Азеф разомкнул ладони и прикрыл глаза. Собрания хороши были тем, что в их белом шуме можно было затеряться, оставшись со своими мыслями и не отключаясь при этом от общего ментального пространства. Плохи собрания были по этой же причине: создавать «покровы» для шальных птиц в собственной черепушке стажёр ещё не умел, и потому опасался, что для старших ангелов подобен препарированному мотыльку на лабораторном стекле.
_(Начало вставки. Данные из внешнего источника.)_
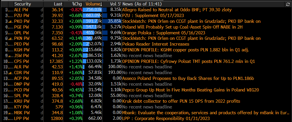 Najaktywniejsze walory z benchmarku WIG20. Wzrosty koryguje Allegro (ALE.PL) mimo ostatniego podniesienia rekomendacji przez Oddo BHF. Źródło: Bloomberg
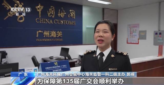 广州海关所属广州会展中心海关监管一科二级主办 郭嵘:为保障第135届广交会顺利举办,我们在业务现场设立广交会服务专窗,全天候接受参展企业预约通关,优先办理申报、查验、抽样、检测等手续。同时在广州白云国际机场、琶洲港澳客运码头开辟“广交会来宾便捷通道”,保障广交会进出境人员、展品便捷通关。
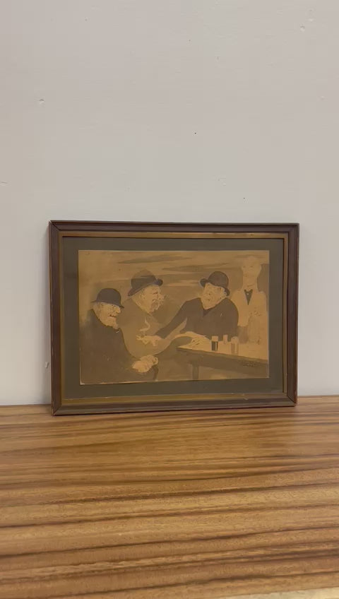 Vintage Framed and Signed Original Artwork of Men Sitting at a Table

– От стараний Куратора зависят успехи подопечного, – тут Наставник внезапно подмигнул не то Азефу, не то его соседу, – и… ну-ка, вы уже догадались! – от успехов подопечного зависит ранг и вознаграждение Куратора! Так что не выбирайте себе кого попало. Ну, а если чувствуете, что дело совсем безнадёжное, всегда можно выбрать другого подопечного. Это конечно, скажется на вашем рейтин…
– А прежнего куда? – не удержался сосед Азефа, тощий парень с густой каштановой шевелюрой. – Разве можно людям без ангела?
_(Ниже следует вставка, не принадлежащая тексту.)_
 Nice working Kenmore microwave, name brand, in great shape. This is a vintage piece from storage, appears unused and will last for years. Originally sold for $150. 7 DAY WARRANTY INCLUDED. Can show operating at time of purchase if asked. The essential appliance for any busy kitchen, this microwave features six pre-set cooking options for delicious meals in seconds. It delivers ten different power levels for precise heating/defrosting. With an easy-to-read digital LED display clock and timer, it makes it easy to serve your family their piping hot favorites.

Кажется, ангел вопросил пространство чуть громче, чем положено при риторических изречениях, и наставник немедленно обернулся в его сторону.
– Вы правы, э-э… Владислав. Нельзя людям без ангела. Но пока набирайтесь опыта с теми, кто полегче. А что до особо сложных случаев…
В зале вдруг повисла тишина, и в этой тишине у кого-то в заднем ряду с сухим коротким треском перегорел нимб.
– Сложные случаи мы ведём отдельно, – дёрнув выщипанной бровью, одним махом выдал Наставник. – Они пригодятся вам… чтобы сдать экзамен. На Круг Второй.
Шорох снега по стеклу заставил Алека вернуться в реальность. Реальность была странной. Потерявшийся во времени и пространстве, Алек скользил взглядом по полутемной комнате так, как будто видел ее впервые. Неужели здесь, в клетушке на Маяковской – о, не все так плохо, он еще помнил адрес, – прошел весь ноябрь и, ммм, двадцать один день декабря? Неужели он сумел работать в этом хламовнике, где уборка была последним делом, на которое стоило тратить драгоценные секунды? Ехидная часть Алека, неубиваемая и вечно молодая, обратила внимание на норовящие слететь брюки и поправила, что последним делом была не уборка, а еда. Алек тихо хмыкнул и потянулся всем телом, хрустя позвонками. Брюки пришлось ловить в полете.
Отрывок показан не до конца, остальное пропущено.